G.I. Joe: The Rise of Cobra (2009, Stephen Sommers)
Ah, what’s happening?! General Hawk (Dennis Quaid) looks concerned. A stealth bomber was shot with green smokey special effects and Ripcord (Marlon Wayans) escaped alive. People are referring to “joes” and their “hoo-rah” when they get excited is of course “yo joe!”. Maybe they should’ve gotten rid of those parts. Cobra Commander and Destro (I never thought of him as Scottish) are off doing creepy villain stuff and saying lines like “you and what army?” The visuals look slick as shit, though. Why is Duke (Channing Tatum of Public Enemies) so young? Mild sequel set-up, Jonathan Pryce-as-president coda, and it looks like I missed all the Storm Shadow scenes. Movie looks totally bearable overall. In a few years I look forward to G.I. Joe: The Wrath of Golobulus then G.I. Joe: Beyond Thunderdrome.

Horsemen (2009, Jonas Akerlund)
Why is General Hawk (Dennis Quaid) putting Zhang Ziyi in prison, and what does it have to do with the apocalypse? Oh of course baddies are after his family and are luring him to an abandoned building… that is way more boring than the apocalypse. Quaid’s son (Lou “Thumbsucker” Pucci) is hanging Ichi The Killer/Hellraiser style over a stage saying some boringness about neglectful parenting while Quaid is chained up watching. And every Saw sequel said the same thing. Why don’t our parents worry about us? Why don’t our parents worry about us? From the director of nothing and the writer of Doom.
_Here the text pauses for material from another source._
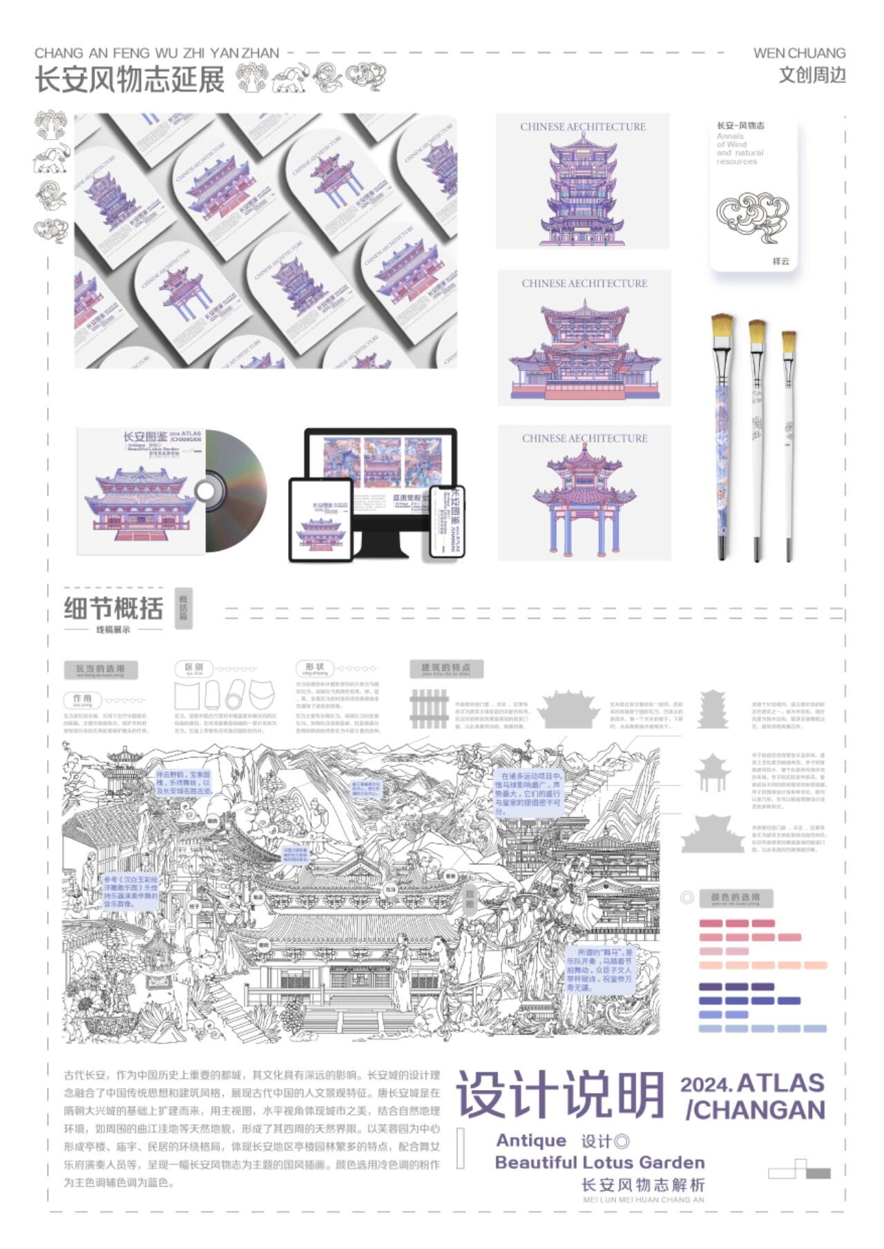 古称长安古代长安,作为中国历史上重要的都城,其文化具有深远的影响。长安城作为名满天下的一朝古都,有独特的文化根基。本作品的设计理念从他的古城建筑出发,融合了中国传统思想和建筑风格,展现了古代中国的人文景观特征。

Supernova (2000, Walter Hill)
James Spader in a Leviathan diving suit fought a badass white guy who I don’t recognize until rescued by Angela Bassett. The ship’s computer warns us about “ninth-dimensional matter.
Karl gets extremely blown up, but I wouldn’t call it a supernova. I don’t think Angela Basset has a shirt on. Ah there’s the supernova – neato. After going warp-speed while nude and hugging, Basset-Spader have gone all The Fly and swapped eye colors and now she’s pregnant – that never happens when people beam up together on Star Trek. Interesting pedigree, this movie – from pseudonymed director Walter “The Warriors” Hill with uncredited help by Francis Ford Coppola.

John Q (2002, Nick Cassavetes)
Denzel… shoots himself in the head! But the safety was on. Transplant heart for Denzel’s insurance-less dying child is arriving. The police arrest a False Denzel while the real one sneaks around in hospital scrubs, but Robert Duvall is on to the plot. Is this really what heart transplants look like? So simple and clean, like the Operation game. Montage of people telling us America may have a national health-care problem. A blatant message movie, then. Look, James Woods! I thought it didn’t seem terrible overall until a cringey final shot.
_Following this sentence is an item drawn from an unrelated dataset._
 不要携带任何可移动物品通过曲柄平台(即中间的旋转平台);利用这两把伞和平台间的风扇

Hollow Man 2 (2006, Claudio Fäh)
Was Hollow Man even successful? Invisible Christian Slater (the poor man’s Invisible Kevin Bacon) indirectly kills a suited guy who’s tracking him via infrared scanner. Oh wait, dialogue tells me that was actually Invisible Peter Facinelli of the Twilight series… Slater is now trying to murder Laura Regan until Facinelli shows up. Invisible Man fight in the rain ends with a shovel stuck into Slater. From the writer of all sorts of unnecessary sequels, from Hellraiser: Hellworld to Dracula 2000, from Pulse 3 to Prophecy 5.

Surrogates (2009, Jonathan Mostow)
Short movie. Evil James Cromwell, inventor of the surrogate system, surprises Bruce Willis with a gun. Ooh, in the future we have light-up staircases. Crom “uploaded a virus into the system” to kill all the surrogates, but a fat guy excitedly shouts some key commands at a blonde chick, then shots are fired and all the robot surrogates in the world fall down. So whoever she was (Bruce’s wife?) she saved all of humanity from a life of surrogate slavery, waking them from, one might say, the Matrix in which they lived. From the director of sad sequel Terminator 3.